═══ Extracted information
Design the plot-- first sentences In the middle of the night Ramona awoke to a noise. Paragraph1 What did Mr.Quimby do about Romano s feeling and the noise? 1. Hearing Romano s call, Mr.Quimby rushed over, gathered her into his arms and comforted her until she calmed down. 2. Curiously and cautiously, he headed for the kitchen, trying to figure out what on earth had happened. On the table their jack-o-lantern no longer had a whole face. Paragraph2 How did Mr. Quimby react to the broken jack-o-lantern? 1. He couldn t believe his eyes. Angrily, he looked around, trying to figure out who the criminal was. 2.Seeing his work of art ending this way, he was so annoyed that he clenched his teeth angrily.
══════
═══ Extracted information
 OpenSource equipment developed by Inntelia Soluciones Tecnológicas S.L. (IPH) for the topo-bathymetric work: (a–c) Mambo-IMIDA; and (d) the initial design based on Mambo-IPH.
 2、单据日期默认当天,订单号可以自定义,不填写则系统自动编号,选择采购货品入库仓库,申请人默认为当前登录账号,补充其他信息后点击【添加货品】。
══════
Task to complete ::
Your answer must be a single number, the count of lines in the data that hold the string "work".

Your response ::
2